The gross proceeds to the Company from the Private Placement are expected to be approximately $4.5 million, before estimated offering
expenses payable by the Company. The Company intends to use the net proceeds received from the Private Placement for general corporate
purposes and working capital.
The
Purchase Agreement contains customary representations, warranties and agreements by the Company, customary conditions to closing, indemnification
obligations of the Company and the Purchasers, including for liabilities under the Securities Act and other obligations of the parties
and termination provisions. Among other covenants, the Purchase Agreement requires the Company to hold a meeting of its stockholders
at the earliest practical date for the purpose of obtaining such Stockholder Approval. If the Company does not obtain the Stockholder
Approval at the first meeting, the Company is required call a meeting every sixty (60) days thereafter to seek such Stockholder Approval
until the earlier of the date Stockholder Approval is obtained or the shares of Preferred Stock are no longer outstanding.
Preferred
Stock
The
terms of the Preferred Stock are as set forth in the form of Certificate of Designations, attached hereto as Exhibit 3.1 to this Current
Report on Form 8-K (the “Certificate of Designations”), which will be filed with the Secretary of State for the State of
Delaware prior to the closing of the Private Placement.
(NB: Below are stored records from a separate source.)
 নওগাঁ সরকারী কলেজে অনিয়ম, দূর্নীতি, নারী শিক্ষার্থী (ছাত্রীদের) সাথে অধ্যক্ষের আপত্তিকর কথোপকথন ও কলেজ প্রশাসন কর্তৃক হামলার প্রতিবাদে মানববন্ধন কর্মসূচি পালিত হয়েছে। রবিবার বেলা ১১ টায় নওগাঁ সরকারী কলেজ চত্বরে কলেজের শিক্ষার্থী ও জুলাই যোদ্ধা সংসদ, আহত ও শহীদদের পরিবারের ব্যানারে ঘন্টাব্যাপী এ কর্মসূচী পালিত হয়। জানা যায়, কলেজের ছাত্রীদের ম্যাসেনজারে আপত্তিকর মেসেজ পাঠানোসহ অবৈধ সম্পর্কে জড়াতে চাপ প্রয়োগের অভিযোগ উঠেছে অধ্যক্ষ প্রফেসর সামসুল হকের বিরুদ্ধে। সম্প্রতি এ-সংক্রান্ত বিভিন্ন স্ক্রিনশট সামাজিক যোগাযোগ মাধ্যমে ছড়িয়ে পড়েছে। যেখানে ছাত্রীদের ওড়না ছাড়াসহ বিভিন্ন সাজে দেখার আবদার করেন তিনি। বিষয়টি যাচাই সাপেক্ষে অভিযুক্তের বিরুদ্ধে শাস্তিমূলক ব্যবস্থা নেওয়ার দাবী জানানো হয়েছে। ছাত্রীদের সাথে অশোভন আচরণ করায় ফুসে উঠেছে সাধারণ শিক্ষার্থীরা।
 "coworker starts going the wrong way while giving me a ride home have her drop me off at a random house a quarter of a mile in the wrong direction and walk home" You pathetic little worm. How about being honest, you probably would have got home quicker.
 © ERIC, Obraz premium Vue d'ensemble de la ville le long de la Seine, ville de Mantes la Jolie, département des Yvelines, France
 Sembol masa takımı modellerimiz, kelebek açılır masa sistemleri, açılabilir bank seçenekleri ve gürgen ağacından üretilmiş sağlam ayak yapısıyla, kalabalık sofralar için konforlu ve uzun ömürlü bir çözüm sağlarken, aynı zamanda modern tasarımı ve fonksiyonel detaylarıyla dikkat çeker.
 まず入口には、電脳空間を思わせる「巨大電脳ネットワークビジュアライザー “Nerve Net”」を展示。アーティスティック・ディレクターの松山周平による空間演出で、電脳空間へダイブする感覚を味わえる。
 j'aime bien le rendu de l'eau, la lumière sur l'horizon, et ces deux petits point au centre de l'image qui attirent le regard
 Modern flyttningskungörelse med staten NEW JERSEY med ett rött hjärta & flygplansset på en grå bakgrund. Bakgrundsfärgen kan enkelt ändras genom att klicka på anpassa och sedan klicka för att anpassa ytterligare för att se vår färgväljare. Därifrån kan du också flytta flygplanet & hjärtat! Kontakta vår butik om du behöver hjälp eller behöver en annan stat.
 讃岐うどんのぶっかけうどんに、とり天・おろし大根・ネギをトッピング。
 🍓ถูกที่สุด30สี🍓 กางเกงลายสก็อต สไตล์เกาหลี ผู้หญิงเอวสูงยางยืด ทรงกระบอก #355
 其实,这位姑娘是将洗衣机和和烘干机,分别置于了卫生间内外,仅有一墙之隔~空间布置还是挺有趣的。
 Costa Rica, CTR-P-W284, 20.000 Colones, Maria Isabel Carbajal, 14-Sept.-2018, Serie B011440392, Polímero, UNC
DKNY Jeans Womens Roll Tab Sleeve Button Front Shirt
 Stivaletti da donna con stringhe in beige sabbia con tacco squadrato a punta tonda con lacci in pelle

The Preferred Stock are convertible into the Conversion Shares at the election
of the holders of the Preferred Stock (the “Holders”) at any time at an initial conversion price of $1.50 per share (the
“Conversion Price”). The Conversion Price is subject to customary adjustments for stock dividends, stock splits, reclassifications,
stock combinations and the like (subject to certain exceptions).
Holders
of the Preferred Stock shall be entitled to receive dividends when and as declared by the board of directors of the Company (the “Board”),
from time to time, in its sole discretion, which dividends will be paid by the Company out of funds legally available therefor, payable,
subject to the conditions and other terms of the Certificate of Designations, in cash, in securities of the Corporation or using assets
as determined by the Board on the stated value of such Preferred Stock.
Except
as otherwise provided in the Certificate of Designations or as otherwise required by law, the Preferred Stock has no voting rights. However,
as long as any shares of Preferred Stock are outstanding, the Company shall not, without the affirmative vote of the Holders of a majority
of the then outstanding shares of the Preferred Stock, (a) alter or change adversely the powers, preferences or rights given to the Preferred
Stock or alter or amend the Certificate of Designations, (b) amend its certificate of incorporation or other charter documents in any
manner that adversely affects any rights of the Holders, (c) increase the number of authorized shares of Preferred Stock, or (d) enter
into any agreement with respect to any of the foregoing.
There
is no established public trading market for the Preferred Stock and the Company does not intend to list the Preferred Stock on any national
securities exchange or nationally recognized trading system.
Warrants
A
holder of the Warrants may not exercise any portion of such holder’s Warrants to the extent that the holder, together with its
affiliates, would beneficially own more than 4.99% (or, at the election of the holder, 9.99%) of the Company’s outstanding shares
of Common Stock immediately after exercise, except that upon at least 61 days’ prior notice from the holder to the Company, the
holder may increase the beneficial ownership limitation to up to 9.99% of the number of shares of Common Stock outstanding immediately
after giving effect to the exercise.
There
is no established public trading market for the Warrants and the Company does not intend to list the Warrants on any national securities
exchange or nationally recognized trading system.
Registration
Rights Agreement
In
connection with the Private Placement, the Company entered into a registration rights agreement (the “Registration Rights Agreement”),
dated as of August 18, 2025, with the Purchasers, pursuant to which the Company agreed to prepare and file a registration statement
with the Securities and Exchange Commission (the “SEC”) registering the resale of the Common Shares and shares of Common
Stock underlying the Warrants no later than 60 days following the date of the Registration Rights Agreement, and to use best efforts
to have the registration statement declared effective as promptly as practical thereafter, and in any event no later than 90 days following
the date of the Registration Rights Agreement (or 120 days following the date of the Registration Rights Agreement in the event of a
“full review” by the SEC).
The
foregoing descriptions of terms and conditions of the Certificate of Designations, Purchase Agreement, the Registration Rights Agreement
and the Warrant do not purport to be complete and are qualified in their entirety by the full text of the Purchase Agreement, the Registration
Rights Agreement, and Warrant, forms of which are attached hereto as Exhibits 3.1, 10.1, 10.2 and 4.1, respectively.
Item
3.02 Unregistered Sales of Equity Securities.
The
matters described in Item 1.01 of this Current Report on Form 8-K related to the Private Placement are incorporated herein by reference.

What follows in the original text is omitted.